Life for 120,000 Displaced People in Mauritania's Massive Mbera Camp on the Malians Frontier.

Many days a week, Mohamed ‘Momo’ Ag Malha treks at least 7 miles (11km) around the vast Mbera refugee camp in south-eastern Mauritania that has been his home since 2012. The exercise keeps the 84-year-old camp elder mentally and physically fit, and allows him to monitor the welfare of other inhabitants.

His first stay in Mauritania happened in 1991, when he escaped Mali as Tuareg separatists clashed with the army in his home Timbuktu province.

After four years as a refugee, he came back and worked for a year as a social worker before transitioning to a teacher. Then in 2012, the Tuareg unrest once again pushed him across the border.

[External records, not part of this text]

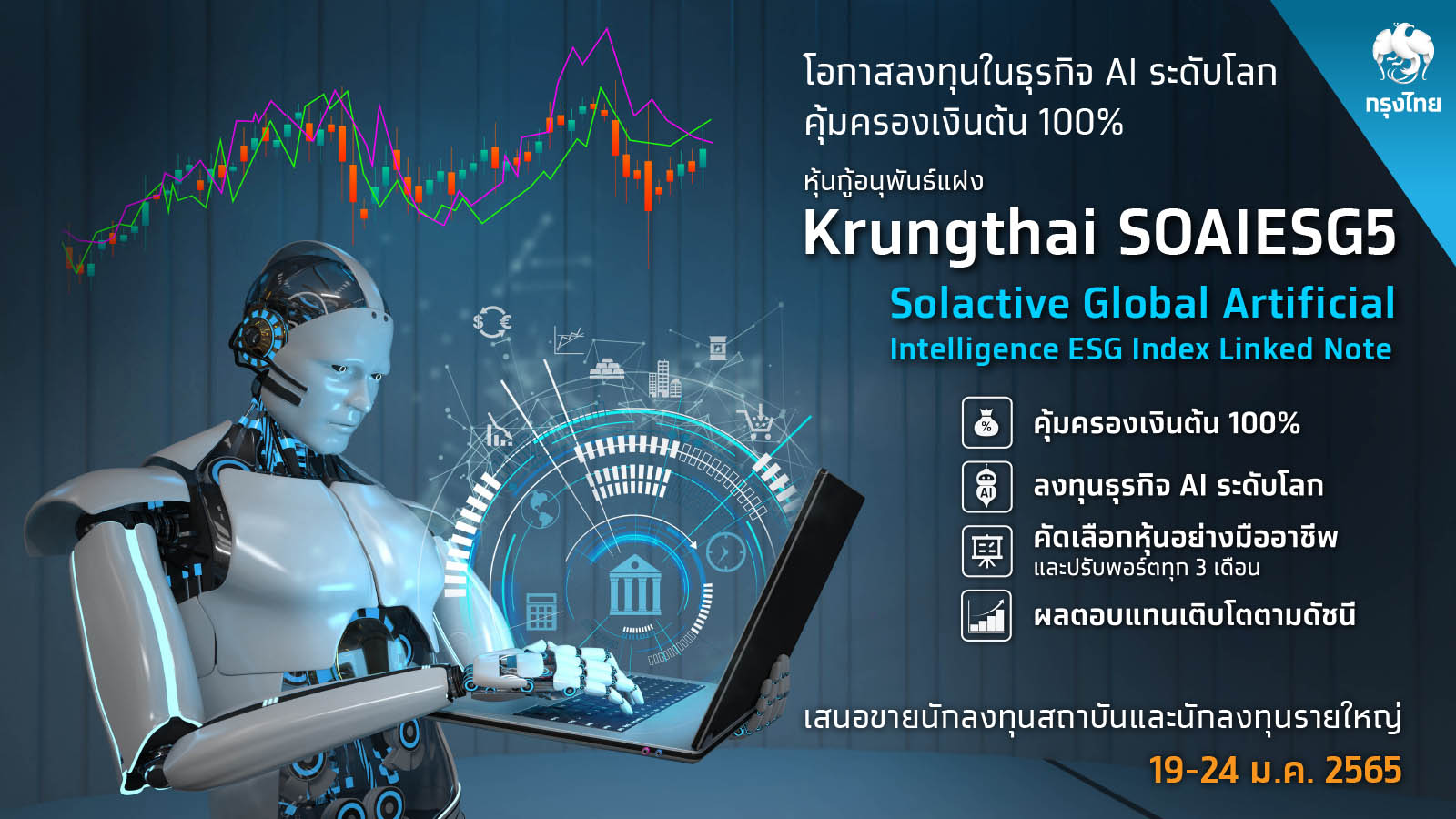 สำหรับหุ้นกู้อนุพันธ์แฝงรุ่นที่ 3 หุ้นกู้อนุพันธ์แฝง Krungthai Solactive Global Artificial Intelligence ESG (SOAIESG5) อายุ 5 ปี ธนาคารยังคงชูจุดเด่น คุ้มครองเงินต้นให้ลูกค้า 100% โดยจ่ายผลตอบแทนอิงกับดัชนี SOAIESG5 (Solactive Global Artificial Intelligence ESG) ที่จะเข้าลงทุนในธุรกิจที่เกี่ยวข้องกับปัญญาประดิษฐ์ หรือ Artificial Intelligence (AI) ยักษ์ใหญ่ทั่วโลก ทั้ง Hardware และ Software อาทิ Meta หรือ Facebook เดิม Alphabet บริษัทแม่ของ Google Tencent Alibaba NVIDIA Pure Storage Intel Zoom eBay Twitter เป็นต้น
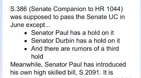 周四“一致同意”已定-Mike Lee亲口确认,请去DC紧急支援Durbin》《美移民律师界“教父”库兹班撰文反S386绿卡改革》《9.25 HR1044/S386:今明两天极可能强行闯关,传支持方周四组织去DC》《背水一战 星火燎原》《游说美国大学校长反 S.386 实战【9月23日更新】》《反S386法案:从打酱油到变健将,最后一周冲刺!》《再次危急!HR1044/S386将于下周二再次“一致同意”》《反S386法案险胜!形势依然严峻,下周会卷土重来》《绿卡改革的HR1044/S386法案有哪些危害?》《华人技术移民最后的决战》《S386周四将无投票通过,这次真完了?!》《移民改革:国会大佬听了我们的声音!》《走!见议员去!——小草根的大政治》《S386新战场:电话国会预算委员会。一分钟一个!》《【十万火急】反绿卡改革集结号-电话加州参议员Feinstein!》《华人反S.386/HR1044联盟成立声明》《绿卡改革:一起点亮“新华一代”风雨飘摇的美国梦!》《移民改革:留学生和H1B们,现在找母校救你们!
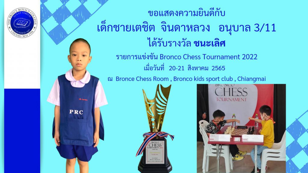 เด็กชายเตชิต จินดาหลวง รางวัลชนะเลิศ การแข่งขัน Bronco Chess Tournament 2022

The former mathematics and physics teacher says he feels particularly sorry for the younger residents of Mbera, which is situated approximately 30 miles from the Malian border.

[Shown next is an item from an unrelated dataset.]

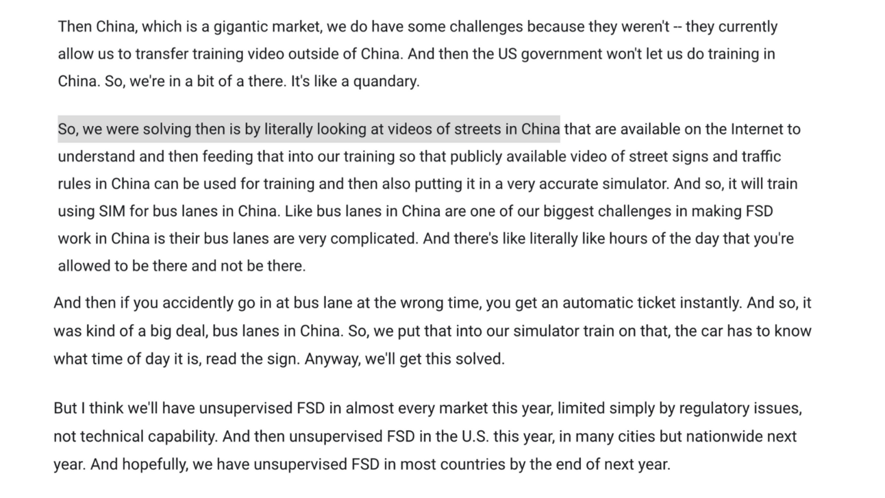 In case you wonder why that is, Elon talked about the challenge in the previous earnings’ call — basically they can’t train with the live fleet yet due to China not allowing the feed to be sent to US servers:
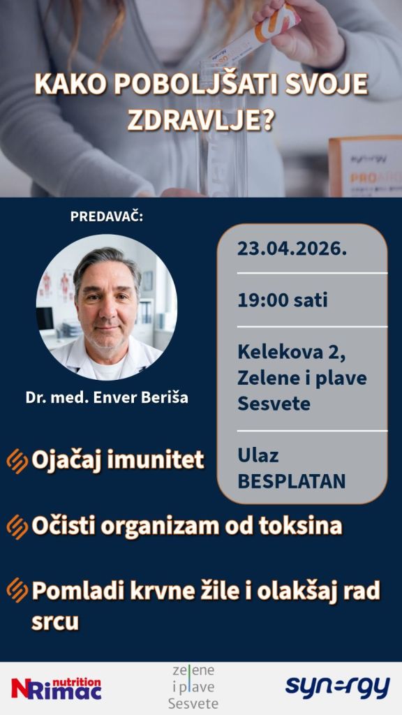 Predavanje će održati dr. med. Enver Beriša, a organizatori događanja su Rimac Nutrition i Synergy. Fokus tribine bit će na praktičnim i primjenjivim savjetima za očuvanje zdravlja kroz tri ključna segmenta – jačanje imuniteta, detoksikaciju organizma te unapređenje kardiovaskularnog sustava.

“Some of the kids who were born here in Mbera have not once visited Mali,” he says. “They do not know their homeland [and] that is difficult because a refugee always has dual loyalties: one here, where he lives, and another over there, in his homeland, which he dreams of returning to one day.”

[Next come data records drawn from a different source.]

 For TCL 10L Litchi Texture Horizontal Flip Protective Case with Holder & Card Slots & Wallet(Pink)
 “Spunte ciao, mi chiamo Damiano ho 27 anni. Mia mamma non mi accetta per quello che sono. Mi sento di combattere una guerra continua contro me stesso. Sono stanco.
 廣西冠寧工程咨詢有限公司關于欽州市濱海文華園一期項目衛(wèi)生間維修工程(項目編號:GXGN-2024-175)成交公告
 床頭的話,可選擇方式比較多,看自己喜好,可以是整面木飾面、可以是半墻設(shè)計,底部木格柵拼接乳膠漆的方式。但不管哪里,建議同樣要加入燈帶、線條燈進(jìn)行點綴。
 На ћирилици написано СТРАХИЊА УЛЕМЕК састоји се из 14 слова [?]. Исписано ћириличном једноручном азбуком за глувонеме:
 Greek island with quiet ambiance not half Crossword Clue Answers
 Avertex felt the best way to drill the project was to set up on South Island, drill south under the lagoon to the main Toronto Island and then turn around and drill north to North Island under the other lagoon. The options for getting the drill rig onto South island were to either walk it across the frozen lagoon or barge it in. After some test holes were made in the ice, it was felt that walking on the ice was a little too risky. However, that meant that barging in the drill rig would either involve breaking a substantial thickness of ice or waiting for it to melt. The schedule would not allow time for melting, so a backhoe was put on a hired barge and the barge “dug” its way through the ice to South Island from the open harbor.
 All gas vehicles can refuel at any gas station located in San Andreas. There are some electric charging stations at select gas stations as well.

Initially conceived as a few thousand shelters, Mbera now accommodates around 120,000 refugees, according to the United Nations High Commissioner for Refugees. In addition, it is estimated that at least 154,000 refugees dwell in nearby villages across the Hodh Ech Chargui region. More than half are under 18.

Government representatives say the area is the number three human settlement in Mauritania after Nouakchott and Nouadhibou, the administrative and commercial capitals.

Each month, thousands more refugees arrive across the border, running from a jihadist insurgency that took over the Tuareg rebellion and has since left extensive areas of the country lawless. Aid workers – especially at the UN World Food Programme (WFP) and Unicef office in the town of Bassikounou, which supports the camp and nearby settlements – cannot stop worrying. They have faced shrinking resources as foreign donors – most notably the now defunct USAID – have sharply reduced funding this year.

“We’ve gone from [being able to] support almost 90,000 people with both nutritional aid or money every month to about 53,000 … and had to halt vital nutrition programmes for hungry children and mothers due to budget reductions,” says Aliou Diongue, country director for WFP.

The camp has many of the characteristics of a established settlement, including its own financial institution, eight schools, a market with more than 500 stores, and volleyball and football initiatives. Members of a parent-teacher association use megaphones to get more children registered in school. New entrants are registered by aid workers and state agents using digital identification.

Nearby, gendarmerie patrols protect the camp from the danger of fighters just a few miles from the border.

Some residents have adopted new roles with gusto: volunteers in the SOS Desert organisation grow crops for sale and operate an blaze control team putting out bushfires; members of a women’s resource network look after those wounded by jihadist attacks and mothers-to-be while also spreading awareness about teaching girls.

But the camp’s demands are obvious.

“We have the will, we have the women, but not enough financial support or supplies,” a leading member of the network says. “Sometimes we recycle what little we have, but it is not enough for the demands of the camp.”

In the schools, the children are given one meal daily by WFP. At one school with 100 children per class, six or seven of them gather by a big tray to eat the same meal every school day – rice that is mostly unseasoned, save for a few legumes.

“We’re still offering school meals, basic food distributions, and monetary aid in the Mbera camp, but it’s not enough,” says Diongue. “We’re prioritizing the most vulnerable while working continuously to secure new funding through the diversification of our support network.”

The meals are powered by recent gifts including several thousand tonnes of rice supplied by the South Korean government – the only products in a most of the warehouses. A few donors are also helping launch self-sufficiency programmes to help refugees cultivate and raise animals so they can earn an income and improve their livelihood.

Though Malha supervises everything conscientiously, helping the aid workers’ cater to the most disadvantaged households, his heart yearns to return to Mali.

“When you leave your country, you sacrifice everything – your work, your home, your family sometimes,” he says. “Here, you are entirely reliant on humanitarian aid. Sometimes that aid is sufficient, sometimes it is not. And when it is not, you endure hardship.
“We are grateful to the Mauritanian authorities and the humanitarian organisations for what they have done for us but it is not the same as being in your own country, working with your own hands and living with dignity.”
Jeffery Sims
Jeffery Sims

A tech strategist with over a decade in digital innovation, specializing in AI integration and sustainable tech solutions.